Launched in 2013 to measure fluctuations in Earth's magnetic field, these satellites allowed the researchers to create a kind of x-ray of the planet's inner structure, revealing vast components that we didn't even know existed before.
"The European Space Agency's Swarm satellites are providing our sharpest X-ray image yet of the core," says lead researcher Phil Livermore from the University of Leeds in England.
"We've not only seen this jet stream clearly for the first time, but we understand why it's there."
Earth's magnetic field is thought to be generated by the activity going on deep inside the planet's core.
The core itself is a solid lump, two-thirds the size of the Moon, and composed mainly of iron. With a temperature of around 5,400 degrees Celsius (9,800 degrees Fahrenheit), it's almost as hot as the surface of the Sun, which hits an intense 5,505 °C (9,941 °F).
Surrounding the solid inner core is Earth's outer core - a 2,000-km-thick (1,242-mile) layer made primarily of liquid iron and nickel.
Differences in temperature, pressure, and composition in this layer create movements and whirlpools in the liquid metal, and together with Earth's spin, they generate electric currents, which in turn produce magnetic fields.
When the researchers examined satellite data from the outer core area in the northern hemisphere, they found strange 'lobes' of magnetic flux beneath Alaska and Siberia.
But the lobes weren't stuck in those positions - they're moving in the direction of the European continent, and the team says they're being pushed along by a jet stream of molten iron.

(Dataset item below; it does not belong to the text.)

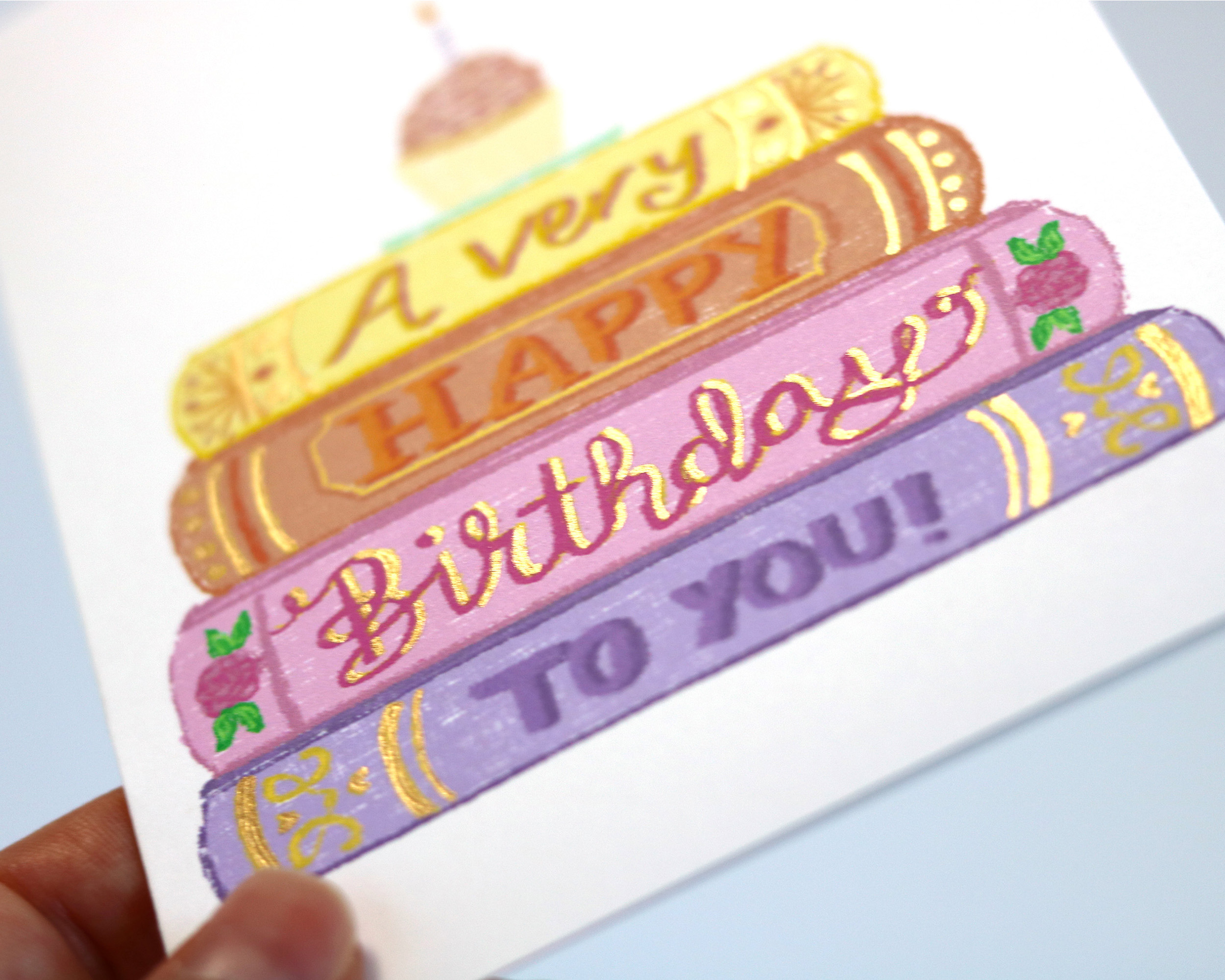 Our illustrated stack of books is made to look like the fanciest books in a library complete with frilly lettering and shiny gold details. There’s even a tiny cupcake with sprinkles on top because it’s not a birthday without some kind of cake!

"Because their motion could originate only from the physical movement of molten iron, the lobes served as markers, allowing the researchers to track the flow of iron," Andy Coghlan reports for New Scientist.
The team found that this jet stream has accelerated in speed since 2000, and is now pushing the lobes under Alaska and Siberia at a rate three times faster than typical outer core speeds, and hundreds of thousands of times faster than the speed of Earth's tectonic plates.

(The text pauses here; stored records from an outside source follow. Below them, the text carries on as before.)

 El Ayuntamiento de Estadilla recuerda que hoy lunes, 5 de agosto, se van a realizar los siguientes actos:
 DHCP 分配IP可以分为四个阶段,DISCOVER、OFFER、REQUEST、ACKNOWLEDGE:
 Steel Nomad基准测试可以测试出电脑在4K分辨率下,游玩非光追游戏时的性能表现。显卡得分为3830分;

"This jet of liquid iron is moving at about 50 kilometres per year," Finlay told at BBC News.
"That might not sound like a lot to you on Earth's surface, but you have to remember this a very dense liquid metal and it takes a huge amount of energy to move this thing around, and that's probably the fastest motion we have anywhere within the solid Earth."
At this stage, it's not clear why the jet stream is accelerating, but the researchers suspect it's a natural part of Earth's inner cycle that's been going on for billions of years.
If we can figure out where in the cycle we're at right now, we could predict how Earth's magnetic field will change over time - including how it might reverse in the coming centuries.
As New Scientist explains, since Earth's magnetic field seems to have been weakening at a rate of about 5 percent per century, the magnetic field is expected to flip, at which point the magnetic north and south poles will trade places.
"Further surprises are likely," ESA's Swarm mission manager, Rune Floberghagen, said in a press statement.
"The magnetic field is forever changing, and this could even make the jet stream switch direction."
The study has been published in Nature Geoscience.